Mientras hablaban a su manera, orgullosa
y pausada, llegó hasta ellos un camello, cuyo jinete quería entrar en la
ciudad. Brillaba su rostro al sol poniente, por el cual se guiara largo tiempo
hacia la puerta de la ciudad. Exigiéronle el portazgo. En esto habló a su
camello, y el ca- mello mugió y arrodillóse, y el hombre descendió. Y el hombre
desenvolvió de entre muchas sedas una caja de diversos metales labrada por los
Japoneses. Y en su tapa veíanse figuras de hombres que contemplaban desde una ribera
una isla del Mar Interior. Mostró la caja a los vigilantes, y cuando la
hubieron visto, dijo: «A mi me parece que unos a otros se hablan así:
«Contemplad a Oojni, la amada del mar,
del pequeño mar paternal que no tiene borrascas. Sale de Oojni cantando una
canción, y torna cantando sobre sus playas. Pequeña es Oojni en el regazo del
mar, y apenas si la advierten los barcos aventureros. Nunca volaron lejos sus
leyendas sobre las blancas velas, ni las cuentan los barbados caminantes del
mar. Sus cuentos de junto al fuego son ignorados en el Norte; los dragones de
China nunca los han oído, ni los que cruzan la India a lomo de elefante.
»Los hombres cuentan los cuentos y
asciende el humo; parte el humo y están contados los cuentos.
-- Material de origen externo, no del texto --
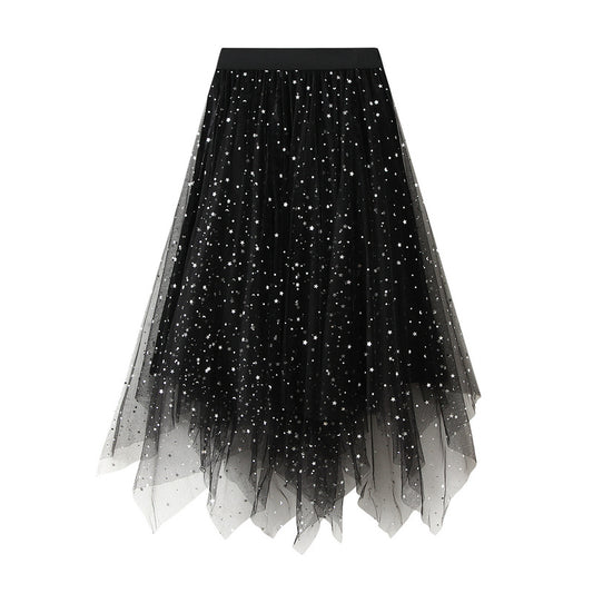 Jupe bouffante en maille scintillante, jupe mi-longue irrégulière 772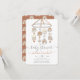 Modern and cute Boho Baby Shower invitations. Great Scandinavian feel with rainbows, pompoms, clouds and stars all hanging on a mobile. Neutral colour scheme for a boy or girl baby to be. Terra cotta, dusty blue grey and white.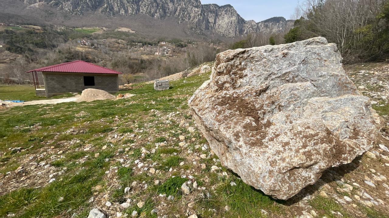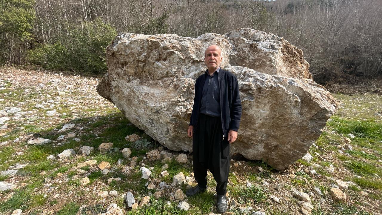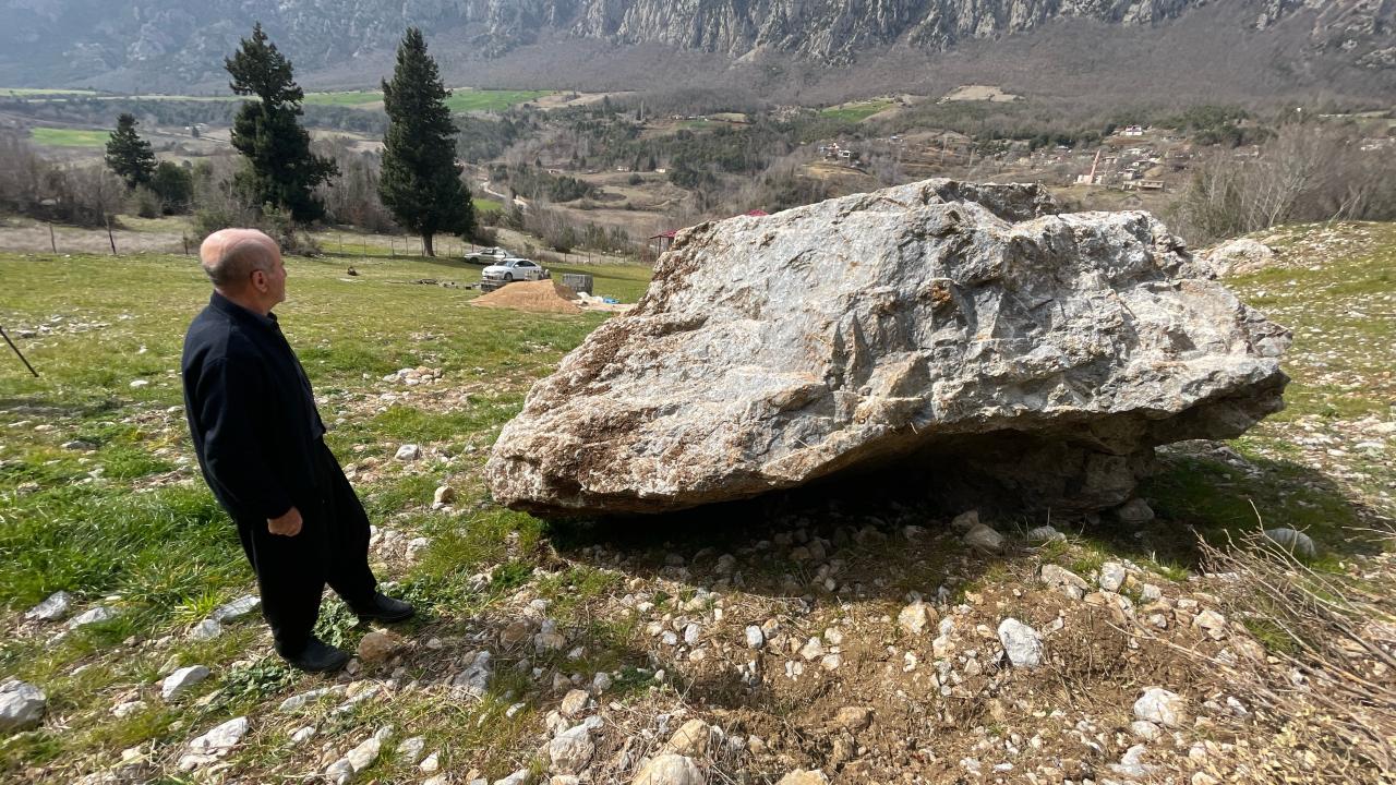 Osmaniye'nin Sumbas ilçesinde, 6 Şubat'ta meydana gelen depremlerde yerinden koparak vadideki Esenli köyüne doğru yuvarlanan kaya, bir eve 20 metre kala durdu.

»Oojni no es un nombre entre las
naciones; no es conocida allí de donde vienen los mercaderes ni es mencionada
por labios extranjeros.
«Aunque Oojni es, en verdad, pequeña
entre las islas, es amada por los que conocen sus costas y sus tierras
interiores escondidas del mar.
«Sin gloria, sin fama y sin riqueza,
Oojni es muy amada por un pequeño pueblo y por unos pocos más; es decir, no por
pocos, porque todos sus muertos la aman aun, y a menudo vienen por la noche
murmurando entre los bosques. ¿Quién podría olvidar a Oojni aun entre los
muertos?
«Porque aquí, en Oojni, hay hogares de
hombres, y jardines y dorados templos de dioses, y sagrados lugares junto a la
orilla, y muchos bosques rumorosos. Y hay una senda que serpea entre los montes
para internarse en misteriosas tierras santas donde danzan a la noche los
espíritus de los bosques, o cantan invisibles a la luz del sol; y nadie entra
en esas tierras santas, porque el que ama a Oojni no quiere robarle sus
misterios, y los curiosos extraños no vienen. Nosotros amamos verdaderamente a
Oojni, con ser tan pequeña; es la madrecita de nuestra raza y la amante nodriza
de todas las aves marinas.
«Y ved cómo, aun ahora, la acarician los
suaves dedos del padre mar, cuyos sueños están lejos, en ese viejo vagabundo el
Océano.
«Mas no olvidemos a Fuzi-Yama, porque se
yergue visible sobre mar y nubes, brumoso abajo y vago e impreciso pero claro
en lo alto, para mirar a todas las islas. Los barcos hacen a su vista todos sus
viajes, y las noches y los días cruzan por él como si fueran viento; los vera-
nos y los Inviernos aletean y mueren a su falda; las vidas de los hombres pasan
silenciosas. Y Fuzi-Yama observa... y sabe.»
Y los guardas de la puerta dijeron:
«Entra.»
Y yo también hubiera contado un cuento,
muy extraño y muy cierto; un cuento que he contado en muchas ciudades y que
hasta ahora nadie ha creído. Pero ya el sol se había puesto, y tras el breve
crepúsculo, levantábanse los espectrales silencios en los lejanos y sombríos
montes. Una gran quietud se cernía sobre la puerta de la ciudad. Y el gran
silencio de la noche solemne era más halagüeño para los vigilantes que
cualquier acento humano. Por lo cual nos hicieron señas invitándonos a entrar
en la ciudad sin pagar el tributo. Y subimos blandamente por la arena y pasamos
entre los altos pilares de roca desde la puerta, y un profundo silencio se hizo
entre los centinelas, y las estrellas titilaban serenas sobre ellos.
Cuán poco tiempo habla el hombre y cuán
vanamente además.
Y cuánto tiempo calla. Justamente el
otro día hallé a un rey en Thebas que ya lleva cuatro mil años en silencio.